A permanent home and museum for poets and poetry

Museum

The museum is closed for the season.

All are welcome to enjoy the view from Robert Frost’s porch and the poetry trail year-round.


The Frost Place is a “house museum,” a sanctuary for lovers of poetry and books on a quiet north country lane with a spectacular view of the White Mountains.

By today’s standards especially, this is a small house. The house, built in the 1860s, is miraculously well preserved thanks to the care of the families that lived here until the mid-1970s. The museum and Frost aficionados and scholars everywhere owe thanks to the foresight and concern of the citizens of Franconia, who voted at their town meeting in 1976 to purchase the former home of Robert Frost and his family in order to see to its safekeeping in perpetuity. Unlike typical modern museums, you won’t find at The Frost Place fancy multi-media displays or cafés, but if you come seeking a glimpse and a sense of the kind of place where a young poet could concentrate, and where his four children could range through the woods and orchards and discover the world, The Frost Place can still offer such pleasures. The view from the porch which inspired Frost is stunning and open to the public year round.
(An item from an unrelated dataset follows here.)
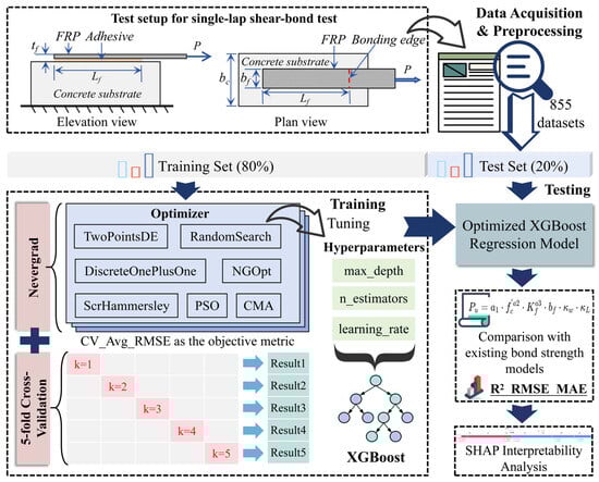 In recent years, fueled by the growth of big data and advances in machine learning, new approaches have been developed to address complex nonlinear problems. Recent studies have established diverse predictive models for the FRP–concrete interfacial bond strength using extensive experimental datasets [,,,,,,,]. For instance, Zhou et al. [] employed a backpropagation neural network (BPNN) to develop an explicit prediction model that outperforms most traditional models in terms of accuracy. Su et al. [] compared three machine learning methods and found that the support vector machine (SVM) exhibited the best performance, with prediction accuracy further enhanced by a stacking ensemble. Zhang et al. [] systematically evaluated six machine learning models based on a single-lap shear test database, and the results showed that the extreme gradient boosting (XGBoost) achieved a 54% reduction in coefficient of variation compared to optimal traditional models. These studies demonstrate that machine learning methods can substantially improve the accuracy of FRP-concrete interfacial bond strength predictions. However, the generalization ability and stability of these models still require improvement, and the selection of model hyperparameters significantly impacts the final prediction accuracy. Consequently, developing effective hyperparameter optimization frameworks to simultaneously improve prediction precision and enhance model interpretability remains a key research challenge.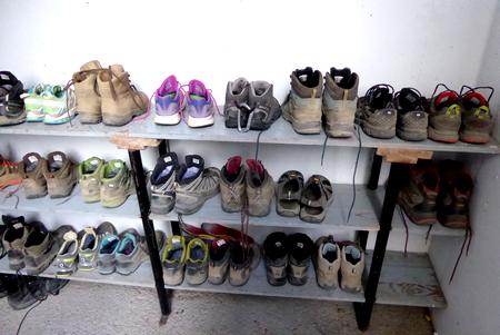 Les chaussures bien alignées à l'entrée de l'Albergue

In addition to a collection of signed first editions of Frost’s works and other memorabilia from his stay, The Frost Place has a quarter-mile nature trail with plaques displaying poems written during the poet’s Franconia years.

Moreover, instead of being merely a site of retrospection and nostalgia, The Frost Place continues to host energetic and innovative gatherings for contemporary poets, including summer conferences and school programs, and each summer an emerging poet is awarded a fellowship with a cash stipend and an invitation to live and write in Frost’s former home for the month of July.


The house as it appeared in Robert Frost’s day.